WASHINGTON (Reuters) - When the Federal Reserve chairman steps up to speak in the mountains of Wyoming on Friday, he faces giant expectations to deliver a plan to steer the developed world away from another damaging recession.
He is quite alone.
European leaders are squabbling over who pays the bills for their sovereign debt crisis, leaving the European Central Bank hamstrung. Japan is in political paralysis lurching from election to election.
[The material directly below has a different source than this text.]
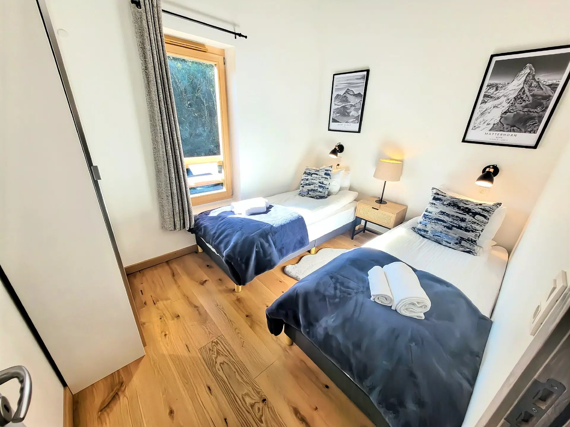 - une chambre équipée de deux lits simples (90 x 200cm) pouvant former un lit double ( sur demande)
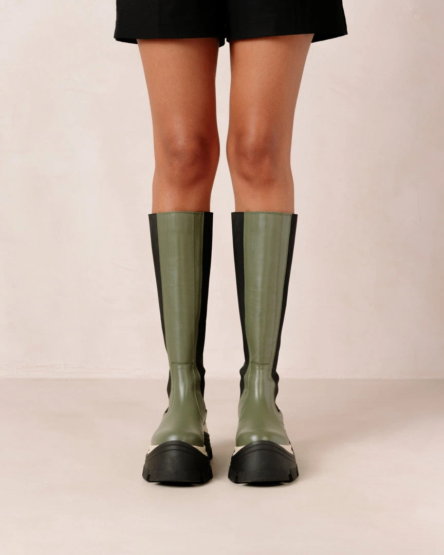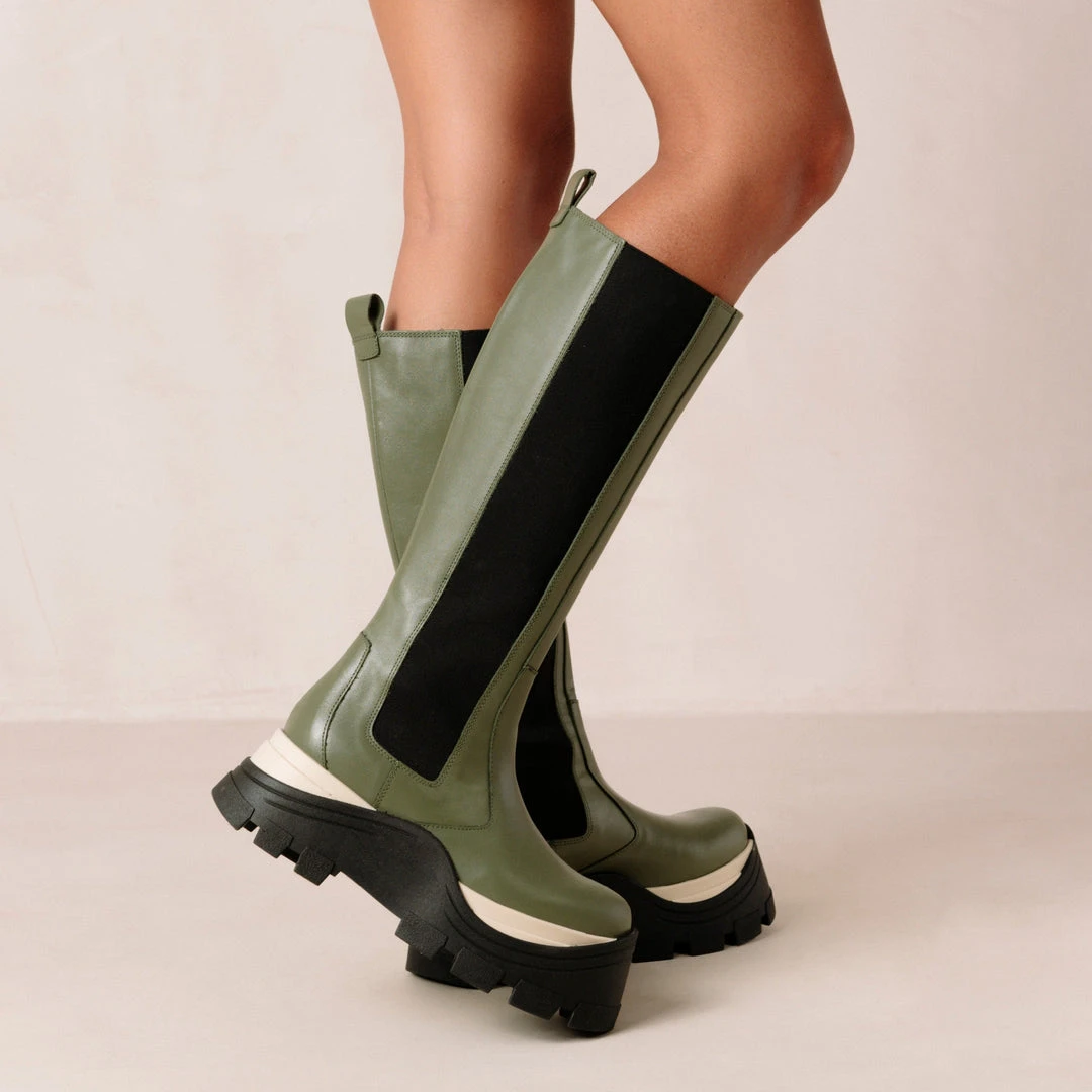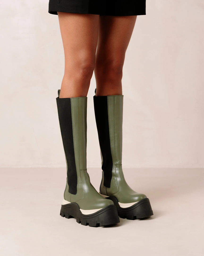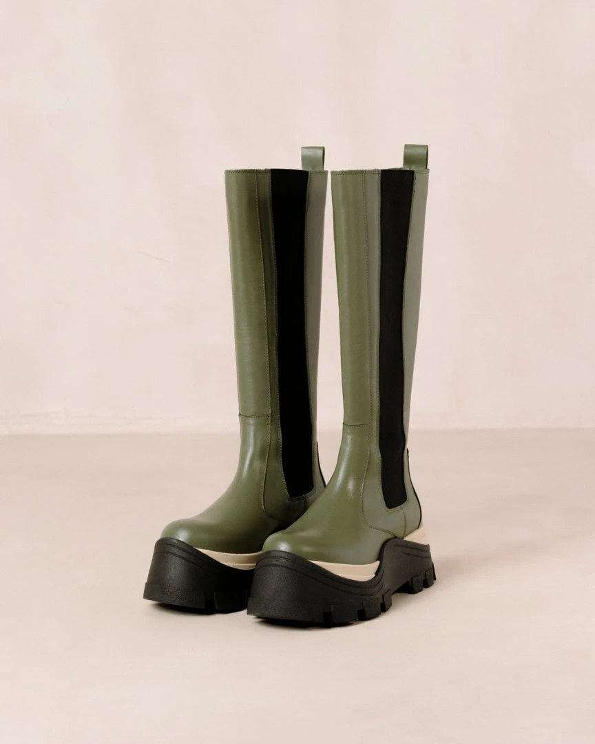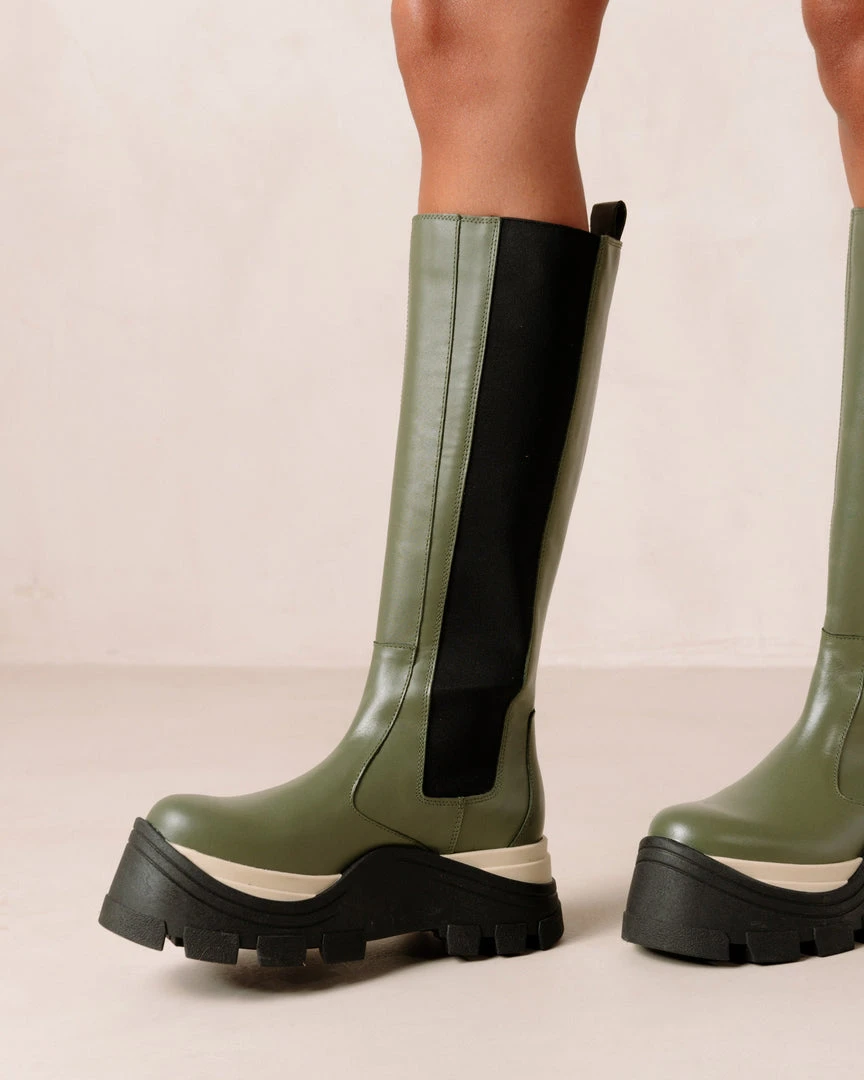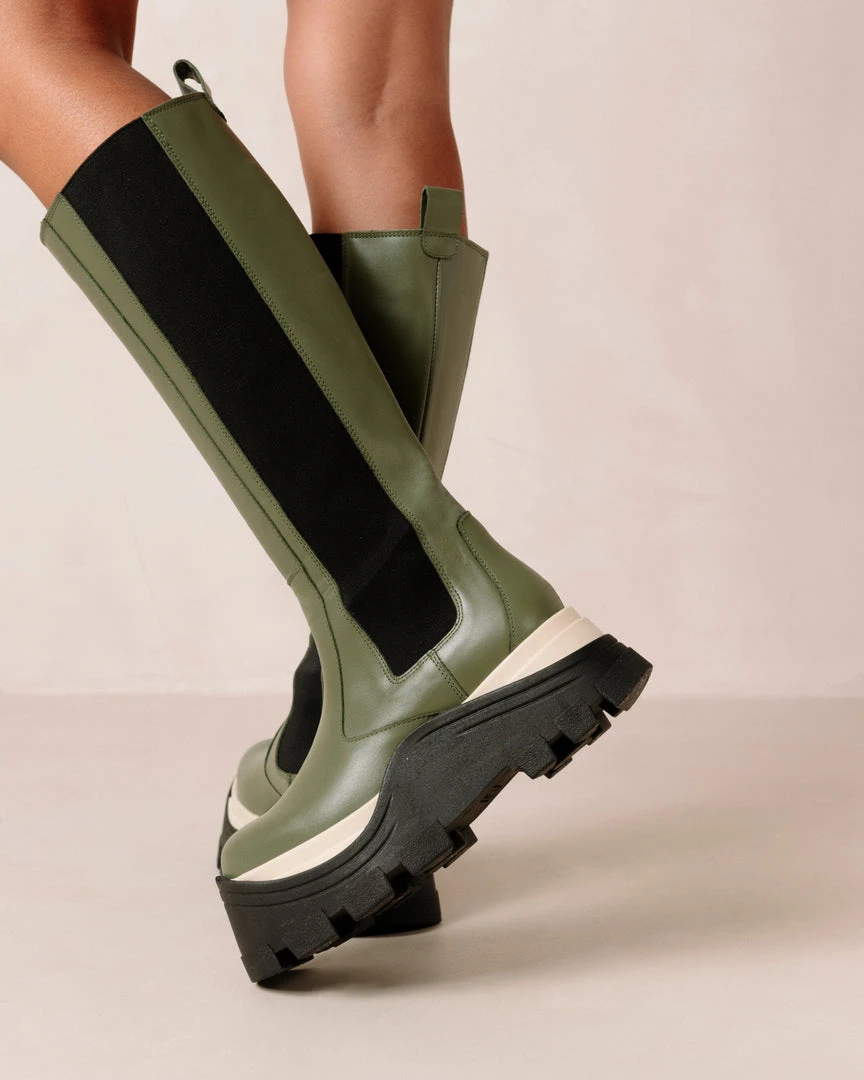 High knee chelsea boot with a thick track sole with an elastic side panel. The perfect companion for fall.

And the world’s fast-growing emerging economies — China, India, Brazil or Russia — prefer to criticize from the sidelines rather than take up the mantle of leadership.
In the United States, political leaders are enmeshed in a deeply divisive ideological war over the role of government, scarcely able to agree on basics of raising the debt ceiling.
As David Resler, strategist at Nomura, said bluntly of Bernanke: “He is the last hope of a desperate market.”
“The public has totally lost confidence in Congress to do anything coherent or useful,” said Mark Gertler, economics professor at New York University.
“By contrast, the Fed is the only major policy player that operates independently of politics and is thus just about the only government institution in which the markets have any faith,” he said. “Partly for this reason and partly because of his proven skill as crisis manager, the world is looking for him to deliver.”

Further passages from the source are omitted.